→ Directions: Scan the records below for the line with "Design, manufacture and" and the line with "通过图解可以发现maven工", and retype that range exactly, both ends included, pictures excepted.

→ Provided records:
==*==

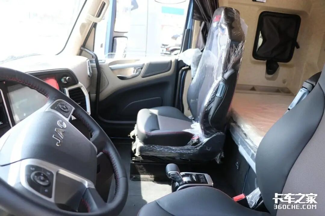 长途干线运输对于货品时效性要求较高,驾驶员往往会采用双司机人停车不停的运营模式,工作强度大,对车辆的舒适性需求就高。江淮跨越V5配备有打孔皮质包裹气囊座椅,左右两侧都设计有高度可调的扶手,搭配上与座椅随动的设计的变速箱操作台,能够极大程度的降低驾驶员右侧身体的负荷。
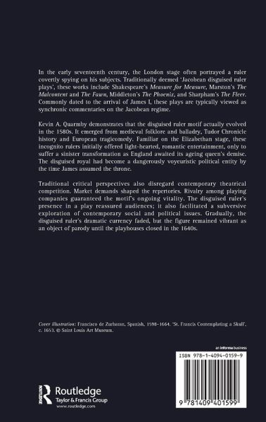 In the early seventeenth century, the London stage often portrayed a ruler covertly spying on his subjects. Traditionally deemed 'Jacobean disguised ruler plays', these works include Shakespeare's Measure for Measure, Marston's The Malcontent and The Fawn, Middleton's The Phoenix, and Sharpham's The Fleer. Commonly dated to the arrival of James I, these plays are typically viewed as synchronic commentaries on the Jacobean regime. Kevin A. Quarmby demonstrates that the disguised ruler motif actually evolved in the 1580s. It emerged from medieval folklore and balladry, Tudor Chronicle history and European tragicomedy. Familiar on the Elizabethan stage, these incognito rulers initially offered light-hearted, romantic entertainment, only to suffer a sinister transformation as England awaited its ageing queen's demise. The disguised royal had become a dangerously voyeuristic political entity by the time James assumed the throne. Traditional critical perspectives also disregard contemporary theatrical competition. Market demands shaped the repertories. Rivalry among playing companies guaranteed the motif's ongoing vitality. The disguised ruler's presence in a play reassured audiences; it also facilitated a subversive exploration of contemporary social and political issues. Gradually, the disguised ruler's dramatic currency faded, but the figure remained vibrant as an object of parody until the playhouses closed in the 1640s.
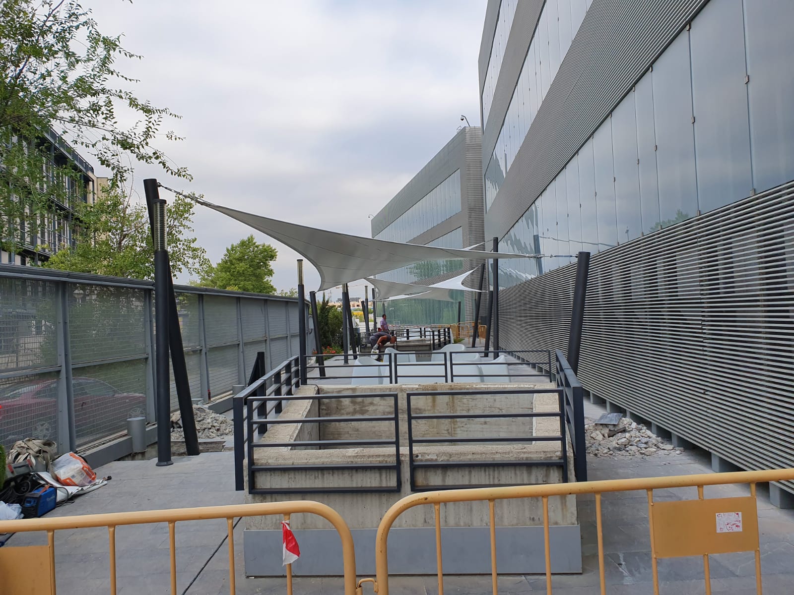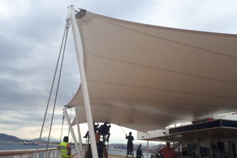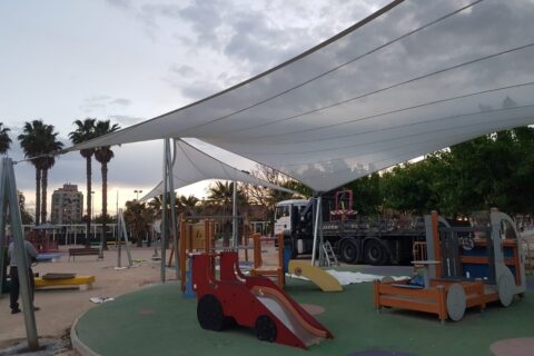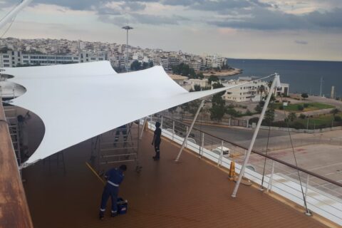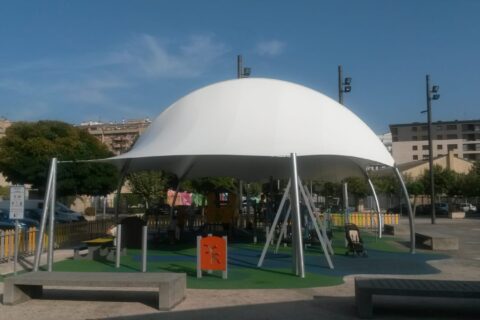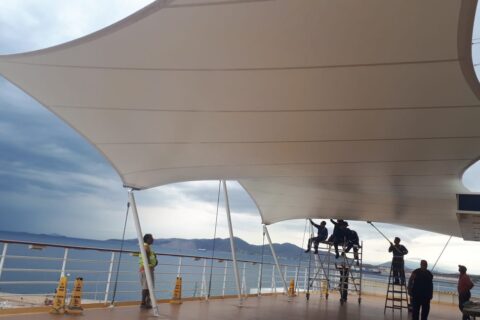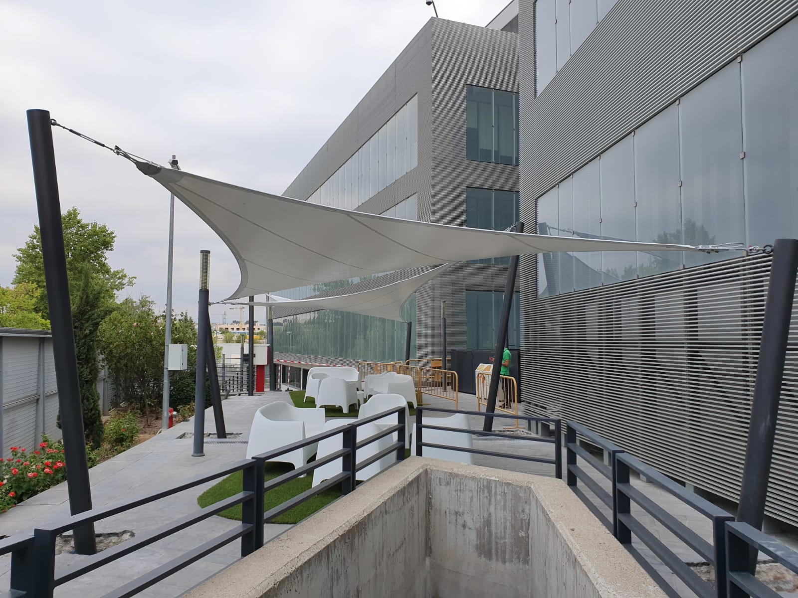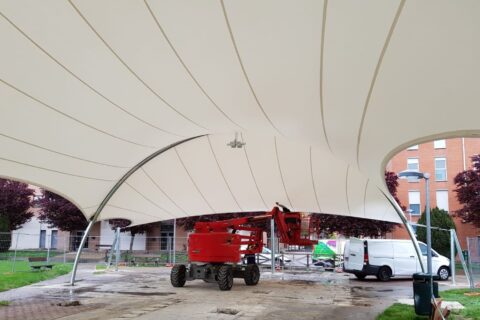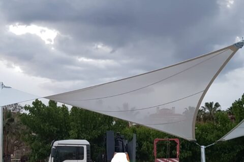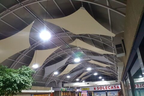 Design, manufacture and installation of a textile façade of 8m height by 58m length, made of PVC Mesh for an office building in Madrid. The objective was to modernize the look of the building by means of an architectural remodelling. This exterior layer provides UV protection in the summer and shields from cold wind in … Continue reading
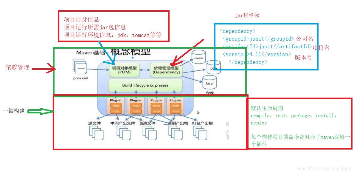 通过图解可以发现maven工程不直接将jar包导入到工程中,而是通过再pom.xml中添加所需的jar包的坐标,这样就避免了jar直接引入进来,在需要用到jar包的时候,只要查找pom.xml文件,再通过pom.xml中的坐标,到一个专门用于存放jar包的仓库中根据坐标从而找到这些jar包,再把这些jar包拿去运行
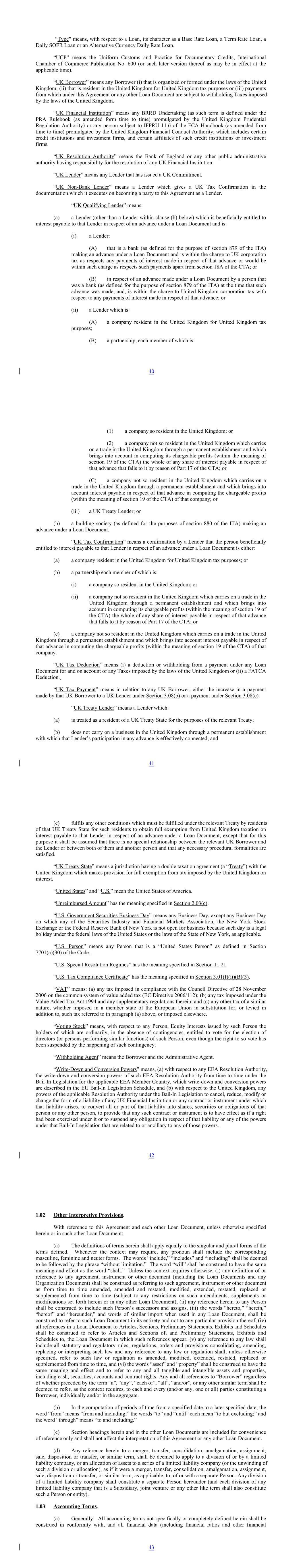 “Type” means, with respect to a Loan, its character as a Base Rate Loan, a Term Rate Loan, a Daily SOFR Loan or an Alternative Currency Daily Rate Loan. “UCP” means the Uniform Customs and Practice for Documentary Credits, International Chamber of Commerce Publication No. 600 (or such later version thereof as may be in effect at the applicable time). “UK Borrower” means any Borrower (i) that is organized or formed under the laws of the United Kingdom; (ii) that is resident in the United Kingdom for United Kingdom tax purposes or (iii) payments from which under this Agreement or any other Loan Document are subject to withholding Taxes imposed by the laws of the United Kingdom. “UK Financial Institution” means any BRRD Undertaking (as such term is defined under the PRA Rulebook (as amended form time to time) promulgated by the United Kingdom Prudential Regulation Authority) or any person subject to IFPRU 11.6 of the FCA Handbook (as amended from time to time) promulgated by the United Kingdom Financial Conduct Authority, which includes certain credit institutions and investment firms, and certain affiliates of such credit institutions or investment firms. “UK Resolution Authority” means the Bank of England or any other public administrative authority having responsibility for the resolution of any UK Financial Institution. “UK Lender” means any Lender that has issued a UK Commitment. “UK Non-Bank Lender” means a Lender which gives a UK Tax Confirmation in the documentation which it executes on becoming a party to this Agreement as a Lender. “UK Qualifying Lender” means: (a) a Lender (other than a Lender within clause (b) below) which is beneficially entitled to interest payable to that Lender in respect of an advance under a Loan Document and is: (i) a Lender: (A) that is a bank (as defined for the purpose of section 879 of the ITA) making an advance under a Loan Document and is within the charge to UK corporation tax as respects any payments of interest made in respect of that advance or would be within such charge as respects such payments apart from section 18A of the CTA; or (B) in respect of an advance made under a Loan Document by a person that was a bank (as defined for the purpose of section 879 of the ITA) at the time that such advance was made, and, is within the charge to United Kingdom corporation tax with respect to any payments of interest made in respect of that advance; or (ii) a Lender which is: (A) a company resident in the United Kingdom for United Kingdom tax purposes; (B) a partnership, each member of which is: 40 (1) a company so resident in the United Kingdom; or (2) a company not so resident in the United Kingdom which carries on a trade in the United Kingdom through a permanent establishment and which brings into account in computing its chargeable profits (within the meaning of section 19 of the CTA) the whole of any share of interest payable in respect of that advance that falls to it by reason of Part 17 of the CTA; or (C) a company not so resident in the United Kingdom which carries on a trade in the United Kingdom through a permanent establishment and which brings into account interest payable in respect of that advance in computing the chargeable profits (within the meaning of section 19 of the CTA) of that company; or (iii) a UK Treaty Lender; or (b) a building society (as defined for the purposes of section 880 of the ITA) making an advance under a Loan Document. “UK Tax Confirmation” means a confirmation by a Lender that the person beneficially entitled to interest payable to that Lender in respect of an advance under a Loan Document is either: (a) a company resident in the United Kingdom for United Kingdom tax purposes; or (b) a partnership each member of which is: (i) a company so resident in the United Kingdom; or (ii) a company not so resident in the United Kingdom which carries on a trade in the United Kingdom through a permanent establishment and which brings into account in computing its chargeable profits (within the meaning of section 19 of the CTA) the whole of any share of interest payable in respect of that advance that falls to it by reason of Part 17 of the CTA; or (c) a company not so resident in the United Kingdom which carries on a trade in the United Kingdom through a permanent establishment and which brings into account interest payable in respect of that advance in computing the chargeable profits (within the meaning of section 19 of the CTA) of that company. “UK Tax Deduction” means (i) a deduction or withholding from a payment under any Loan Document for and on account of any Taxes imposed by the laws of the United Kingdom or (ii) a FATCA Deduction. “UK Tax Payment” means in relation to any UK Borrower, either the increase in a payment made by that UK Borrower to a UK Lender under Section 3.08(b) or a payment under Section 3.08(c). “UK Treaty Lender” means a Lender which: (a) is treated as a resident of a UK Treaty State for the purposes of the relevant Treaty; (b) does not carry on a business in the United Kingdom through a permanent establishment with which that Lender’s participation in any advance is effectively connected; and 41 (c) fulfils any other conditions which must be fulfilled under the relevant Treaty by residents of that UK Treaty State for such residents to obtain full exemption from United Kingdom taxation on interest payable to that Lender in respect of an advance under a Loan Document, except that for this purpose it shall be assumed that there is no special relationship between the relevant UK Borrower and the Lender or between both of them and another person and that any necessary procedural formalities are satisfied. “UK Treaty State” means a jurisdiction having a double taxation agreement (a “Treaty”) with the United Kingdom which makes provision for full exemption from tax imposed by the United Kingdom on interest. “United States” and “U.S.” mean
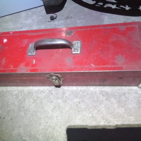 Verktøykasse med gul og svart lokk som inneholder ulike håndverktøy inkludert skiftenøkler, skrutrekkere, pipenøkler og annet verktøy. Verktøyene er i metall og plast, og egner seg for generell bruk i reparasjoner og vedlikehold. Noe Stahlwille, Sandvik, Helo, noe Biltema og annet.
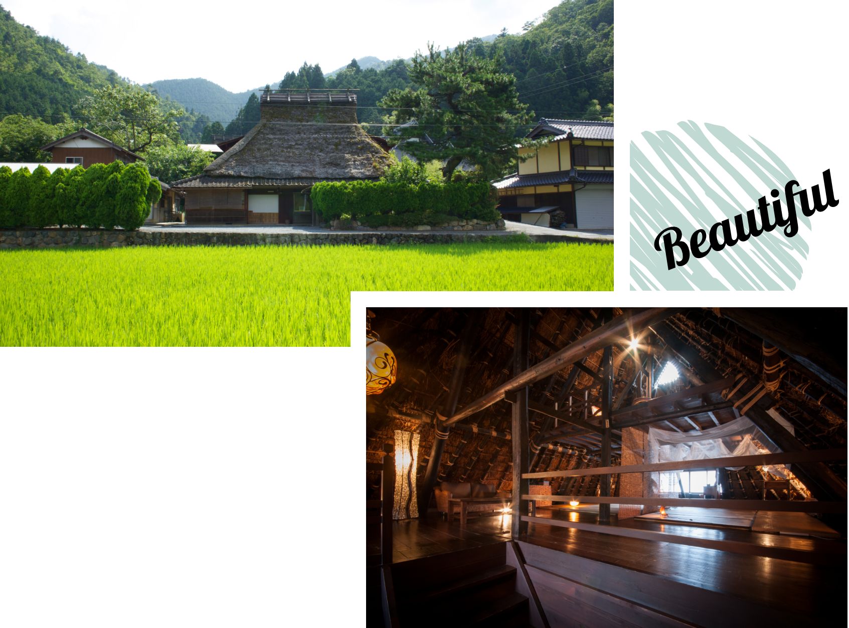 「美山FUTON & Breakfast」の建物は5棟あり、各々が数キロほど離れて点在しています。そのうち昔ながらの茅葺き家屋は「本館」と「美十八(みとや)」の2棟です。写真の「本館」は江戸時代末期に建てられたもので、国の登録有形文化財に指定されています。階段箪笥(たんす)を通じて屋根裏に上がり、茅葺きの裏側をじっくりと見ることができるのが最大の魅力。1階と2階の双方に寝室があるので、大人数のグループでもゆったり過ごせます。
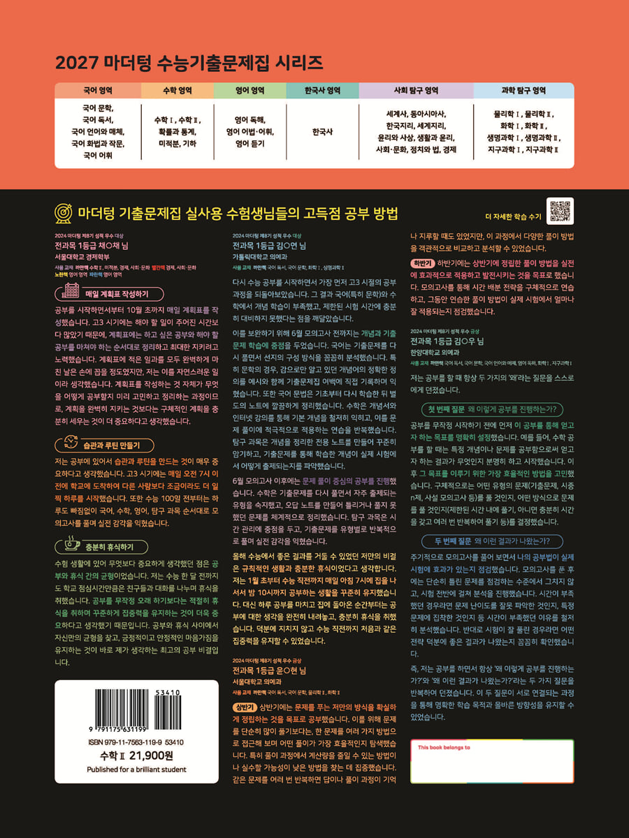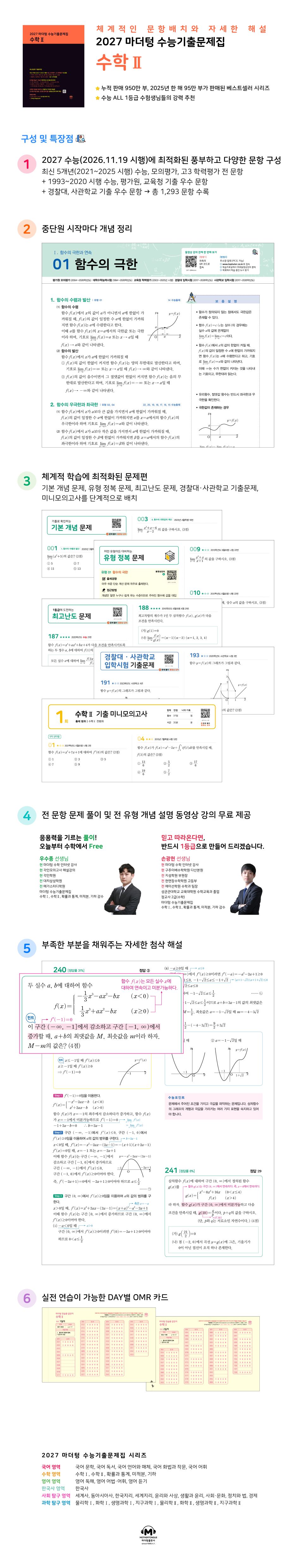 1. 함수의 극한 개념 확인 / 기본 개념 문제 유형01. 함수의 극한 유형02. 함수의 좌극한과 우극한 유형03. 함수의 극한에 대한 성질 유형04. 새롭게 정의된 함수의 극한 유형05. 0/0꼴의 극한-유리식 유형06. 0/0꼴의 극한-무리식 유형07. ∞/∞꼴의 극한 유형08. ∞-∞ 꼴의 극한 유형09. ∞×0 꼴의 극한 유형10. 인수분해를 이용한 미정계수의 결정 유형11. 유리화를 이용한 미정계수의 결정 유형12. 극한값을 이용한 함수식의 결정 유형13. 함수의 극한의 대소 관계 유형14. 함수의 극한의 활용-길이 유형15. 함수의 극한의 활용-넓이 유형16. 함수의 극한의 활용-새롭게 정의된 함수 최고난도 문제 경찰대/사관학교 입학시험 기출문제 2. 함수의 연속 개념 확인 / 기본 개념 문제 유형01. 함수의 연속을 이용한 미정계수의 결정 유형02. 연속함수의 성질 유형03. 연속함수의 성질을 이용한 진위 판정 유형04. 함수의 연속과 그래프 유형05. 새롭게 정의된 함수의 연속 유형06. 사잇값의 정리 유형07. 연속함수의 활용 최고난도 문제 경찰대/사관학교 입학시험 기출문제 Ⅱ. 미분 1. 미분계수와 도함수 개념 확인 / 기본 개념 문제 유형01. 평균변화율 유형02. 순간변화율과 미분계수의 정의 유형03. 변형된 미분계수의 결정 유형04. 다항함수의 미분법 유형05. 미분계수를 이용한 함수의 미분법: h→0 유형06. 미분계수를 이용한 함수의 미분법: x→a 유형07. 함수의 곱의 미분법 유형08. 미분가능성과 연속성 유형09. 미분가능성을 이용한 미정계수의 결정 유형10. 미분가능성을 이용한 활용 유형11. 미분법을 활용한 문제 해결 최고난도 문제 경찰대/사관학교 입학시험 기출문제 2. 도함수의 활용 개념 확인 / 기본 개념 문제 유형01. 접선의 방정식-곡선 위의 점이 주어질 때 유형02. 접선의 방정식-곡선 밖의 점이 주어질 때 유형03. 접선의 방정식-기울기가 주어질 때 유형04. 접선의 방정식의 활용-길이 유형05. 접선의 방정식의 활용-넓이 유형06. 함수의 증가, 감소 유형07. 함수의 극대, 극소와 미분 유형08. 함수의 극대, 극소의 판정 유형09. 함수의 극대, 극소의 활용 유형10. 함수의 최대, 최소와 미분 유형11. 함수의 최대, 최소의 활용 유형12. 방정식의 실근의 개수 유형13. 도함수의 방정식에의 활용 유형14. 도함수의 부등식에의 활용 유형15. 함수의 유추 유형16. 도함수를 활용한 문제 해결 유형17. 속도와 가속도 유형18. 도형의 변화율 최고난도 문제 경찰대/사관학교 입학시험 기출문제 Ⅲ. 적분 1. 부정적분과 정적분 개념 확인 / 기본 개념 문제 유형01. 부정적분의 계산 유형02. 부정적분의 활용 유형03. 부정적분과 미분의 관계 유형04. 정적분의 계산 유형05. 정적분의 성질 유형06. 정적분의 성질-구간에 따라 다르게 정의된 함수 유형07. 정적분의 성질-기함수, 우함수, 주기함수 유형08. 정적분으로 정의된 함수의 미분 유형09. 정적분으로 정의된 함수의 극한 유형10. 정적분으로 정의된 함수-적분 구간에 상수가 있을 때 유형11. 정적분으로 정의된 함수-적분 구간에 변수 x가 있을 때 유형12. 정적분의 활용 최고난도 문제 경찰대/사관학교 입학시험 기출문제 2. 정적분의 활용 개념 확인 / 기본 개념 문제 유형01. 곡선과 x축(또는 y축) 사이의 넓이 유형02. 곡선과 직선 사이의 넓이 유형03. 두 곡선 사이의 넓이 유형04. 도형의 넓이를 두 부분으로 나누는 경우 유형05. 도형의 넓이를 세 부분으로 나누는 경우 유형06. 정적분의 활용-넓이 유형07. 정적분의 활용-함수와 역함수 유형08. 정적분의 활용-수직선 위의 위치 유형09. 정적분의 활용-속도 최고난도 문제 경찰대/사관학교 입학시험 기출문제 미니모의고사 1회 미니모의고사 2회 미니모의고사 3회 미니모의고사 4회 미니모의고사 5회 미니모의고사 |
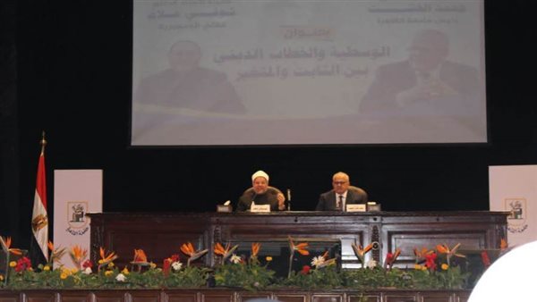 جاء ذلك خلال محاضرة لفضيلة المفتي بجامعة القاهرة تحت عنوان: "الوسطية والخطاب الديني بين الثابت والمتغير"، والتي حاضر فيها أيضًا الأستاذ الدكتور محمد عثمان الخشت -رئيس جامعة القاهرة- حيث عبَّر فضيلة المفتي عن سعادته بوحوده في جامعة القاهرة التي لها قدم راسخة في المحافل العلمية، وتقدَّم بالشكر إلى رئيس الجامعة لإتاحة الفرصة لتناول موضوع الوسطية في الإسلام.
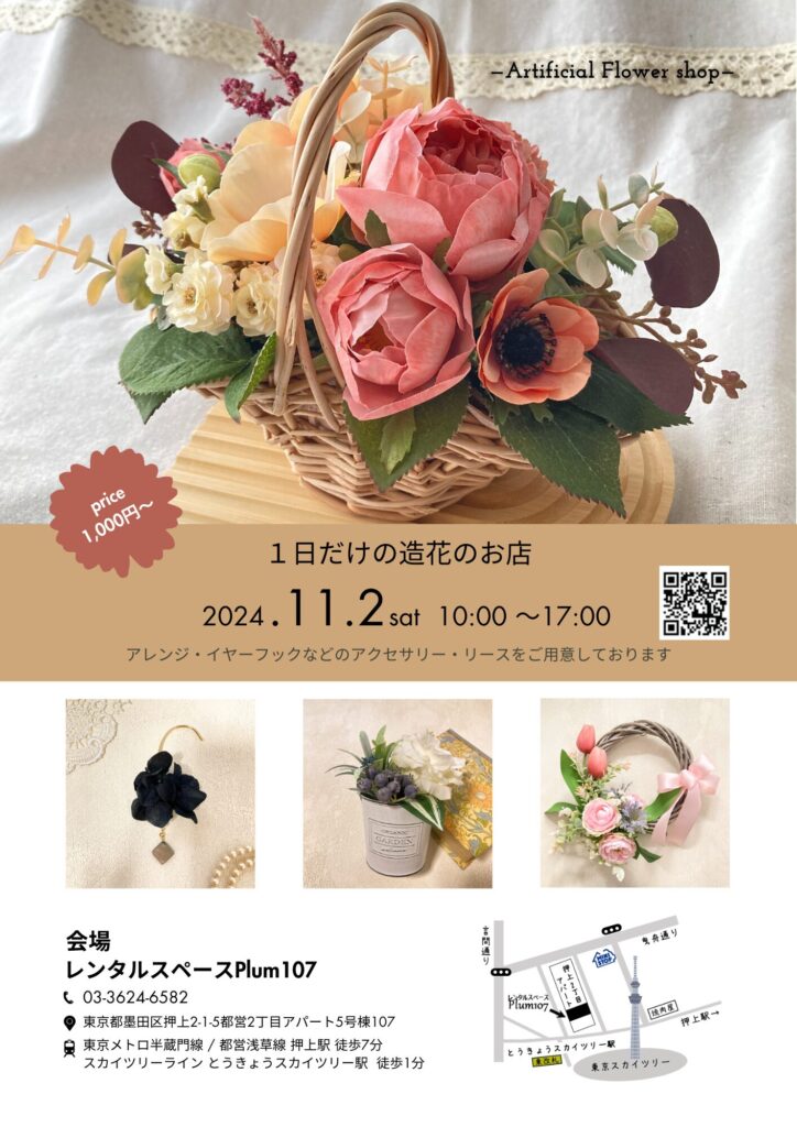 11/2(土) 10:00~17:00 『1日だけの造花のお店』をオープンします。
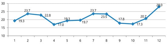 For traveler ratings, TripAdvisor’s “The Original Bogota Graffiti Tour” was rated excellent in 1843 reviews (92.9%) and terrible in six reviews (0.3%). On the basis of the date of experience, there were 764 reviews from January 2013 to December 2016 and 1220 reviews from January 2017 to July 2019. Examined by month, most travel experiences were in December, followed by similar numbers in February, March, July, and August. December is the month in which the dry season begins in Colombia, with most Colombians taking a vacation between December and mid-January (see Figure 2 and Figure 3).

==*==

→ Written solution:
 Design, manufacture and installation of a textile façade of 8m height by 58m length, made of PVC Mesh for an office building in Madrid. The objective was to modernize the look of the building by means of an architectural remodelling. This exterior layer provides UV protection in the summer and shields from cold wind in … Continue reading
 通过图解可以发现maven工程不直接将jar包导入到工程中,而是通过再pom.xml中添加所需的jar包的坐标,这样就避免了jar直接引入进来,在需要用到jar包的时候,只要查找pom.xml文件,再通过pom.xml中的坐标,到一个专门用于存放jar包的仓库中根据坐标从而找到这些jar包,再把这些jar包拿去运行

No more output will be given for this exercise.